Известие о трагедии под Любеком ничего не изменило. Сообщение гласило: «3 мая три тысячи заключенных из лагеря в Нойенгамме были погружены на суда в порту Любек. Суда вышли в море и были подвергнуты бомбардировке англичанами». Семьсот человек, фамилии которых по большей части были неизвестны, спаслись, добравшись до берега. Извещение международного Красного Креста подтверждало, что мой отец погиб на судне «Кап Аркопа». Никто в это не верил. Возвращались люди, о которых говорили, что их видели мертвыми. «Птенчик, приходи на Хмельную. Я там. Люся», — приглашала обгоревшая стена, и мы так устали от трагизма, что никому и в голову не приходило удивляться, что какая-то там Люся называет кого-то птенчиком. И несмотря на тягостную атмосферу, вера в отца убеждала нас, что он не погиб. Ведь он был самым умным, самым смелым, и если была возможность спастись (а спаслось семьсот человек), то он должен был доплыть.
Бабушка за это время поседела, и ее серебряные волнистые волосы свисали над железной печуркой, заставленной кастрюлями, когда она описывала, как папка все устроит. Бабушка думала о нашей семье, а я о всей Польше, и никто не смеет смеяться над моей мечтой о белом коне, на котором должен был явиться мой папка.
Третьей женщиной, любившей моего отца, была моя мать, но об этом я знаю совсем мало. Я помню только день, когда она плакала. Я стояла перед ней, парализованная предчувствием, что случилось нечто ужасное. Я думаю, в тот день мама перестала верить в то, что наш отец вернется.

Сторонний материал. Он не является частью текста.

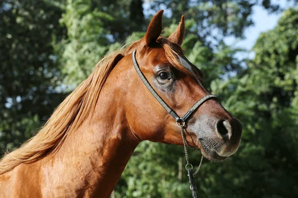Лошадь крупным планом Молодая спортсменка Голова милой и гордой коричневой лошади, изолированной на белом

Я ходила в школу — несмелая, худенькая девочка. Училась я плохо. Дети меня не любили, а вернее, просто не обращали на меня внимания. Да, именно так и было — иначе мне не запомнился бы один случай: какой-то мальчик погладил меня, заплаканную, по голове.
В школе моей самой близкой подругой была Алина. Я делала за нее домашние задания; на переменах я не отходила от нее, каждый раз сочиняя удивительные истории, чтоб ее заинтересовать и не отпускать от себя. Ненужная выдумка — Алина была туповата и малоподвижна, и ведь я знала об этом… Однако она была нормальным ребенком, таким же, как все остальные дети; мне казалось, хотя, возможно, это было и не так, что она совершенно естественно, свободно входила в детский коллектив и коллектив так же легко ее принимал. Я завидовала ей. Я выходила из шумного вестибюля школы одна и, шагая по улицам, веселым от разноцветных маркиз пока еще частных магазинов, находила в этом горькое лекарство против своего одиночества. Я не могла быть обыкновенным ребенком, и это должно было обнаружиться после возвращения папы.
Мама говорила:
— И за это погибали люди? Где они тогда были — те, что сейчас правят?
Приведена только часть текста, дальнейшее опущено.